Andy Mielczarek, founder and CEO of SmartSave, a Chetwood Financial company      
“Any drop in the rate of inflation is welcome news, and many Britons might be feeling a sense of relief that the worst of the cost-of-living crisis could finally be behind us.  As consumers feel the pinch on their budgets loosen, they should take advantage of the opportunity to consider revamping their savings strategy. In particular, those holding significant sums in easy-access high-street savings accounts, many of which continue to offer paltry rates, could end up missing out on better returns in the months to come. 

“The onus is on savers to search carefully for the right product and provider. For instance, as inflation continues to fall, those feeling more confident about setting money aside in a fixed-term savings account are likely to achieve better returns than those in easy-access or current accounts. And looking beyond the high street remains crucial when shopping around for the most competitive rates." 

Jatin Ondhia, CEO of Shojin 
“November is shaping up to be a significant month, with inflation falling, a new-look cabinet, and an incoming Autumn Statement – this is a pivotal moment for people to reassess how they are managing their finances and consider how to best supercharge their savings and investments. Even as inflation falls, investors cannot afford to be passive; in this environment, it is important to scrutinise your portfolio and explore every available option, considering both traditional and alternative assets. 

“The political and economic landscape has shifted once again this past month, and investors’ risk tolerance and long-term financial goals may need to recalibrate too. What’s more, all eyes will now turn to Jeremy Hunt and next week’s Autumn Statement. Falling inflation is a boost to the Chancellor, and it will be intriguing to see what he pulls out of the famous red briefcase in the way of impactful policies aimed at fostering growth and galvanising the investment landscape – investors will certainly need to take note.” 

Amanda Aumonier, director of mortgage operations at  
“A decrease in inflation would typically trigger the Bank of England to consider cutting interest rates. However, industry experts are anticipating that the current base rate is unlikely to change in the next year, suggesting that mortgage interest rates are likely to stabilise for the time being. Having said that, it's crucial to bear in mind that geopolitical uncertainties could impact the economy, so making precise predictions about what interest rates are going to do is always a gamble. 

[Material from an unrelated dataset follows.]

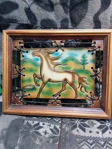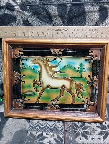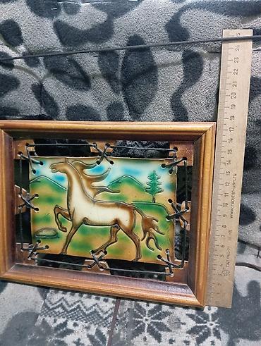 Настенное панно с лошадью в деревянной раме.

“If you're thinking about buying your first home and wondering if now is the right time, remember that the perfect moment will never exist. The important thing is to avoid making decisions that could put you under financial strain. For numerous homeowners, the big question now is whether to find a new fixed-rate mortgage or explore the potential of a variable or tracker mortgage. Choosing a fixed-rate mortgage is a smart move if you like knowing exactly how much you'll pay each month and want to stick to a tight budget. But if you're okay with a bit of uncertainty and think interest rates might go down, a variable or tracker mortgage could save you money over time.”

James McManus, chief investment officer at Nutmeg, a digital wealth manager
“Today’s inflation data marks another significant milestone in the UK’s attempt to reign in spiralling price rises. In October 2022, headline inflation was over 11 per cent and the road ahead looked bleak. Lower-than-expected inflation is good news for consumers, it provides an additional boost to their spending power and will hopefully ease some of the day-to-day financial pressure. Pressure will also ease on the Bank of England and its battle with inflation, with the bank increasingly likely to hold interest rates steady into the new year.”